Reinforcement Learning for LLMs

Can curriculum learning approximate expensive process supervision?

Can a reverse curriculum that slides backward from task completion provide step-level insight comparable to human process annotations, but at outcome supervision cost?

Note · 2026-02-22 · sourced from Reasoning Architectures

The core challenge of applying RL to complex reasoning: how do you provide meaningful supervision when the reasoning chain is long, errors compound across steps, and step-level annotation is expensive? R3 (Reverse Curriculum Reinforcement Learning) solves this without human-annotated process supervision.

The mechanism: Instead of having the model reason from scratch (leading to sparse rewards and exponential search space), R3 starts the model from a state sampled from near the end of a correct demonstration. The model has already learned to solve most of the remaining chain; it only needs to generate the final few steps. Outcome supervision (correct or not) then provides informative feedback because success probability is high.

The start state then progressively slides backward toward the beginning of the demonstration. At each step, the model is reasonably likely to succeed (because it has already learned to solve everything ahead of it), and failure is informative (because the model was competent on the downstream steps). This creates a curriculum of gradually increasing exploration difficulty.
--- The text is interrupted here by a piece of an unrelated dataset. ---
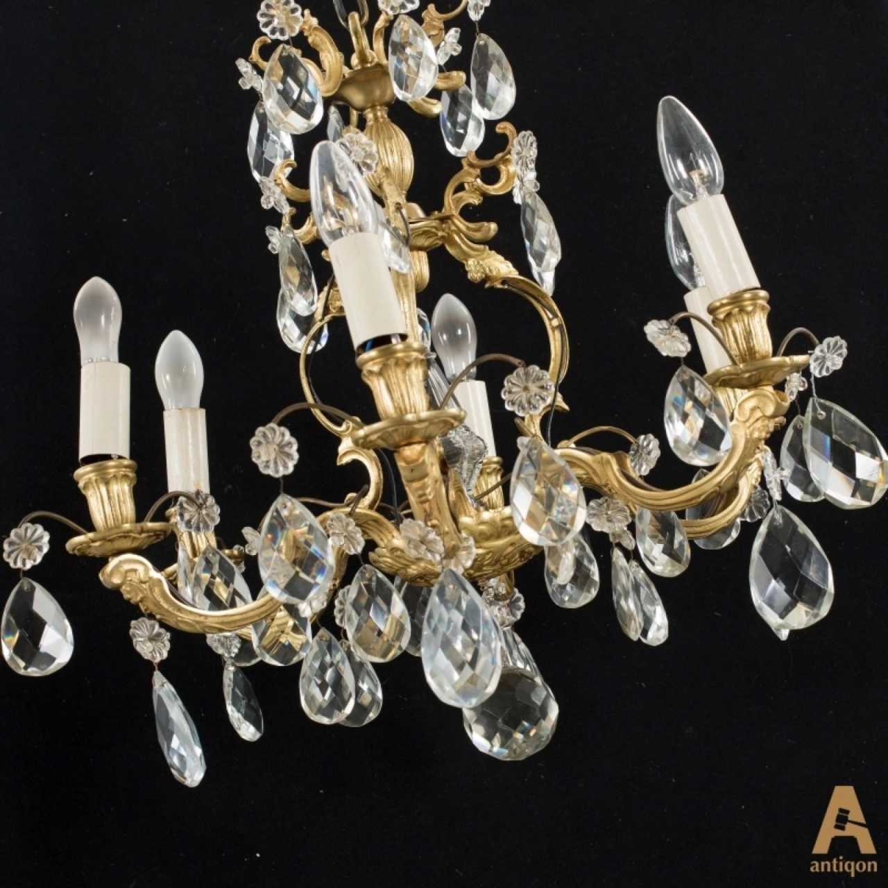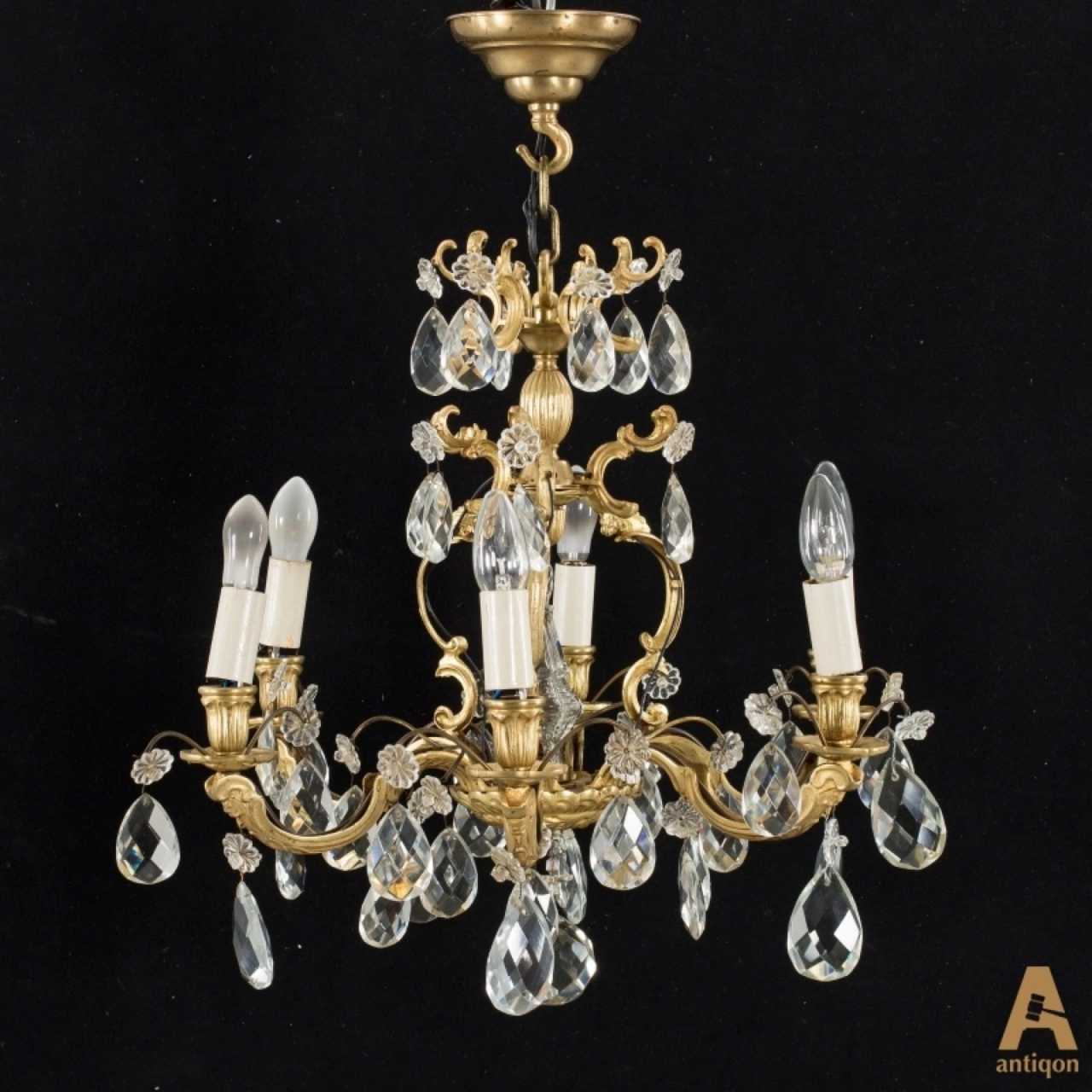 Six-candle chandelier in Rococo style. Europe. First half of 20th century Bronze glass 20th century

Why this approximates process supervision: Each position in the sliding curriculum implicitly tests the model on that specific step's difficulty. A model that succeeds at start position k but fails at start position k-1 has revealed that step k-1 is where its reasoning breaks down — even though only outcome supervision is used. The curriculum resolution increases with the granularity of start positions sampled.

The two-mode comparison:

This is a practical solution to the trade-off documented in Why do outcome-based reward models fail at intermediate step evaluation?.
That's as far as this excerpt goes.